In the following post we review an example of using NATS in Go. This includes an interface API, implementation, and stub that can be used for tests.

We start with an interface:

type SubscribeHandler func(data []byte)

type ServerSessionApi interface {
  PublishMessage(
   queueName string,
   data []byte,
  )

  SubscribeQueue(
   queueName string,
   handler SubscribeHandler,
  )

  StopQueueSubscriptions(
   queueName string,
  )
}

This simple interface enables usage of a simple publish-subscribe pattern. Now for the actual implementation.

package nats

import (
  "fmt"
  "github.com/nats-io/nats.go"
  "sync"
)

type subscriptionData struct {
  subscribers []*nats.Subscription
}

type ServerSessionImpl struct {
  mutex         sync.Mutex
  connection    *nats.Conn
  subscriptions map[string]*subscriptionData
}

func CreateServerSessionImpl() *ServerSessionImpl {
  s := ServerSessionImpl{
   subscriptions: make(map[string]*subscriptionData),
  }
  if Config.NatsConnectionEnabled {
   connection, err := nats.Connect(
    Config.NatsUrl,
    nats.ReconnectBufSize(-1), // do not buffer data in case connection is lost
    nats.MaxReconnects(-1),    // always retry the to reconnect
    nats.DisconnectErrHandler(func(nc *nats.Conn, err error) {
     fmt.Println("nats server connection is lost")
    }),
    nats.ReconnectHandler(func(nc *nats.Conn) {
     fmt.Println("nats server connection is back")
    }),
    nats.ErrorHandler(func(conn *nats.Conn, subscription *nats.Subscription, err error) {
     fmt.Printf("nats issue: %v\n", err)
    }),
   )
   if err != nil {
    panic(err)
   }
   s.connection = connection
  }
  return &s
}

func (s *ServerSessionImpl) PublishMessage(
  queueName string,
  data []byte,
) {
  if s.connection == nil {
   return
  }
  err := s.connection.Publish(queueName, data)
  if err != nil {
   panic(err)
  }
}

func (s *ServerSessionImpl) StopQueueSubscriptions(
  queueName string,
) {
  s.mutex.Lock()
  defer s.mutex.Unlock()
  subscriptions := s.subscriptions[queueName]
  if subscriptions == nil {
   return
  }

  for _, subscription := range subscriptions.subscribers {
   err := subscription.Unsubscribe()
   if err != nil {
    panic(err)
   }
  }
}

func (s *ServerSessionImpl) SubscribeQueue(
  queueName string,
  handler SubscribeHandler,
) {
  if s.connection == nil {
   return
  }
  subscription, err := s.connection.Subscribe(queueName, func(message *nats.Msg) {
   err := s.processMessage(handler, message.Data)
   if err != nil {
    panic(err)
   }
  })
  if err != nil {
   panic(err)
  }

  s.mutex.Lock()
  defer s.mutex.Unlock()

  subscriptions := s.subscriptions[queueName]
  if subscriptions == nil {
   subscriptions = &subscriptionData{}
   s.subscriptions[queueName] = subscriptions
  }

  subscriptions.subscribers = append(subscriptions.subscribers, subscription)
}

func (s *ServerSessionImpl) processMessage(
  handler SubscribeHandler,
  data []byte,
) (wrappedError error) {
  defer func(myError *error) {
   panicError := recover()
   if panicError == nil {
    myError = nil
   } else {
    *myError = fmt.Errorf("%v", panicError)
   }
  }(&wrappedError)
  handler(data)
  return wrappedError
}

The implementation keeps the created subscriptions so these can be later used for the stop of the subscription. The actual receiving of the message is handled in the processMessage function which wraps the handler for errors handling.

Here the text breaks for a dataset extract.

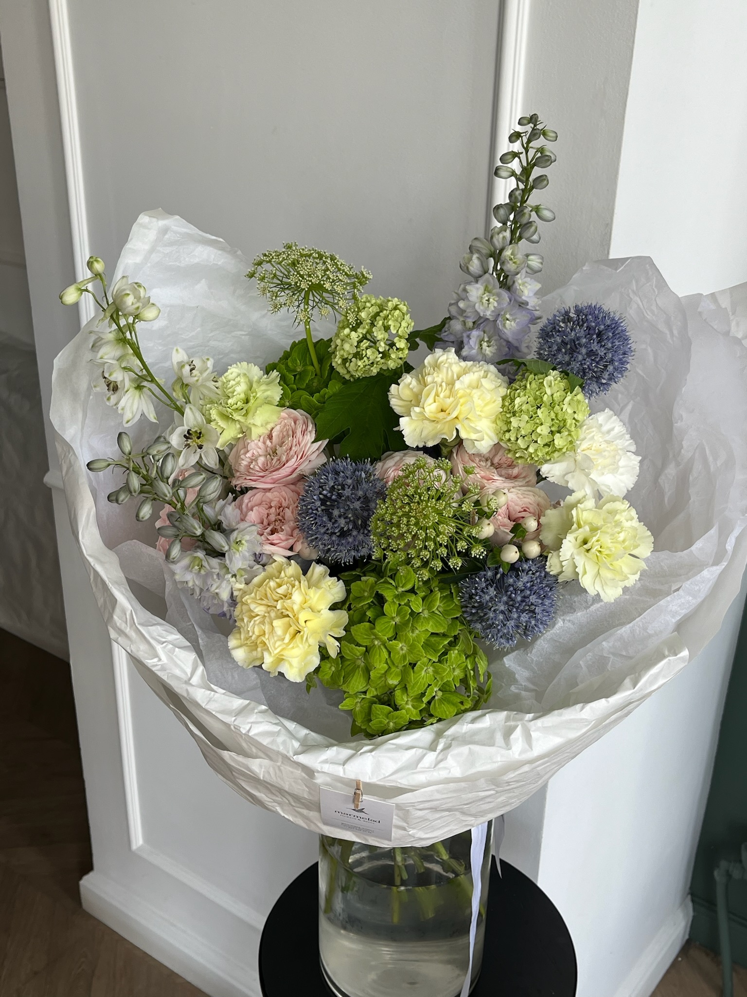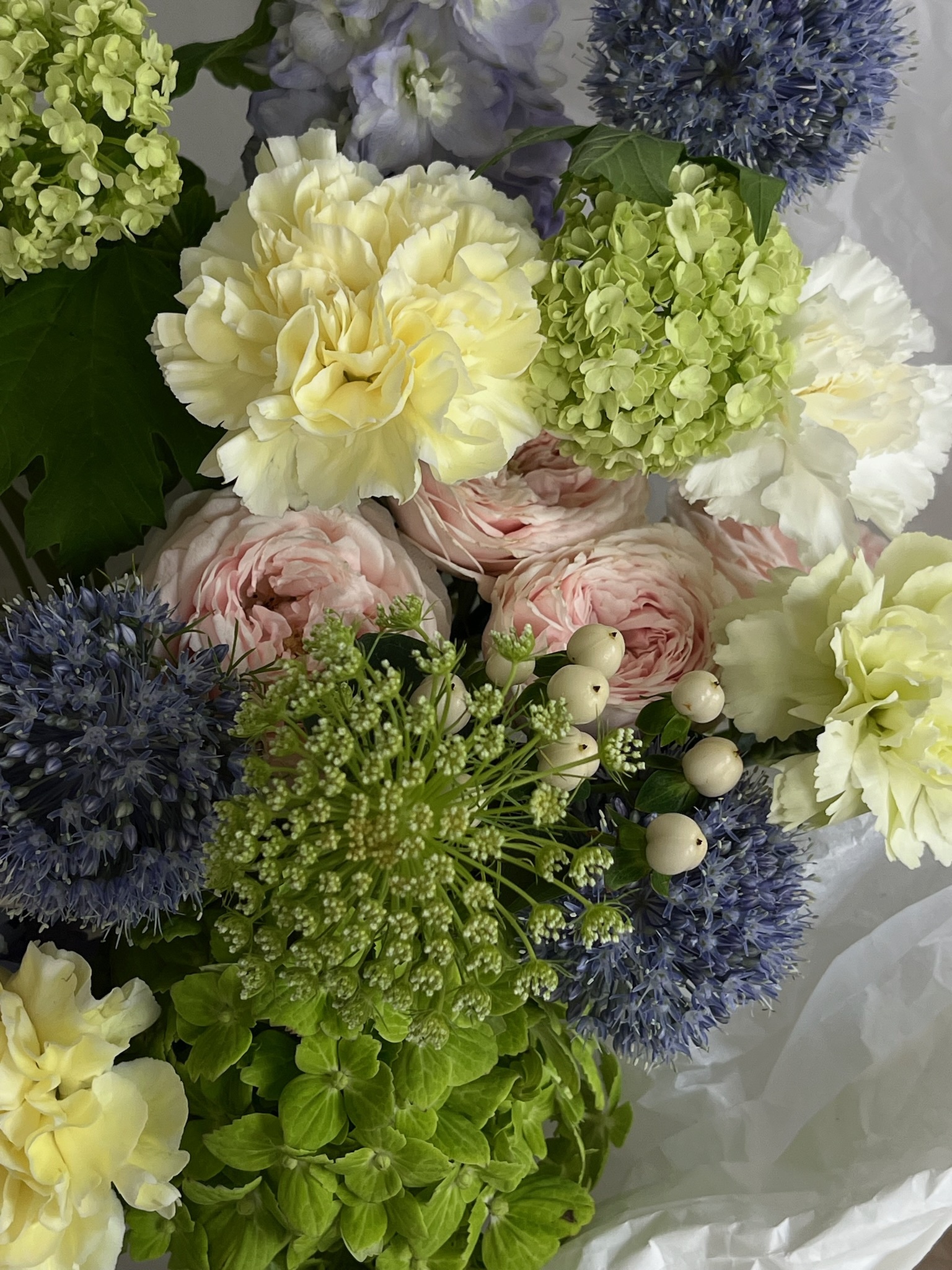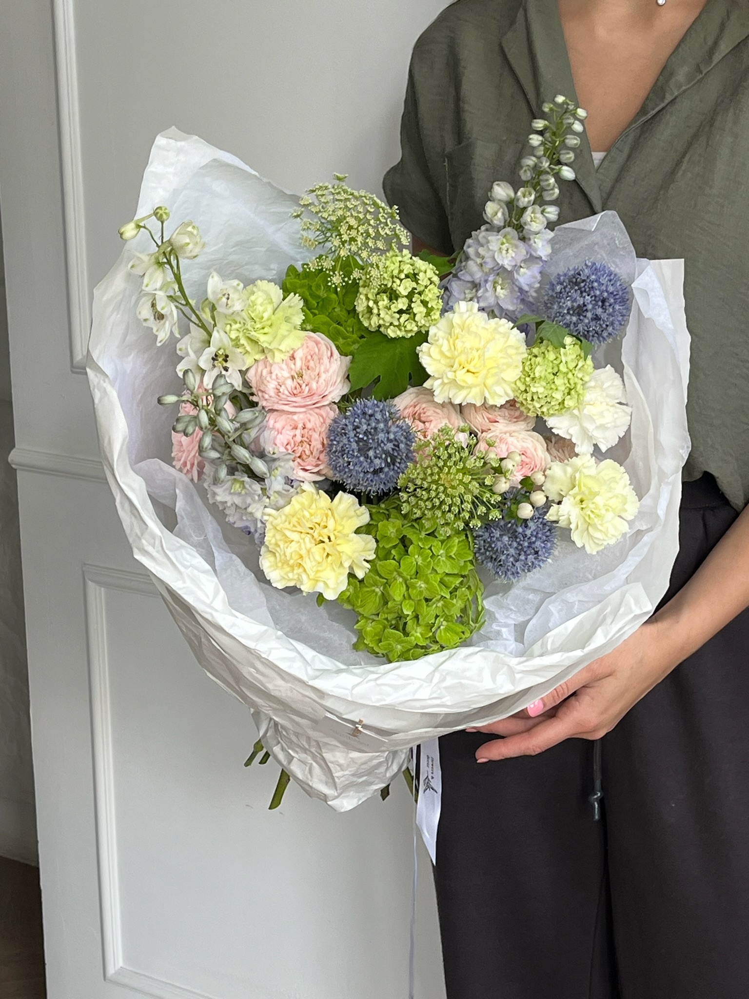 Букет сборный из гортензии, кустовых пионовидных роз, диантусов, амми и дельфиниума

Notice that we use options in the NATS connect function to make a more stable connection, as well as print some log data in case of connection issues.

To run this in tests, we can use a stub:

package nats

import "sync"

type queueData struct {
  subscribers []SubscribeHandler
  mutex       sync.Mutex
}

type ServerSessionStub struct {
  queues map[string]*queueData
}

func CreateServerSessionStub() *ServerSessionStub {
  return &ServerSessionStub{
   queues: make(map[string]*queueData),
  }
}

func (s *ServerSessionStub) StopQueueSubscriptions(
  queueName string,
) {
  mutex.Lock()
  defer mutex.Unlock()

  s.queues[queueName] = nil
}

func (s *ServerSessionStub) PublishMessage(
  queueName string,
  data []byte,
) {
  mutex.Lock()
  defer mutex.Unlock()

  subscribers := s.queues[queueName]
  if subscribers == nil {
   return
  }
  for _, subscriber := range subscribers.subscribers {
   subscriber(data)
  }
}

func (s *ServerSessionStub) SubscribeQueue(
  queueName string,
  handler SubscribeHandler,
) {
  mutex.Lock()
  defer mutex.Unlock()

  subscribers := s.queues[queueName]
  if subscribers == nil {
   subscribers = &queueData{}
   s.queues[queueName] = subscribers
  }
  subscribers.subscribers = append(subscribers.subscribers, handler)
}

Both the stub and the impl can be used as the interface, hence our code can be run with the real NATS API, as well as with the stub.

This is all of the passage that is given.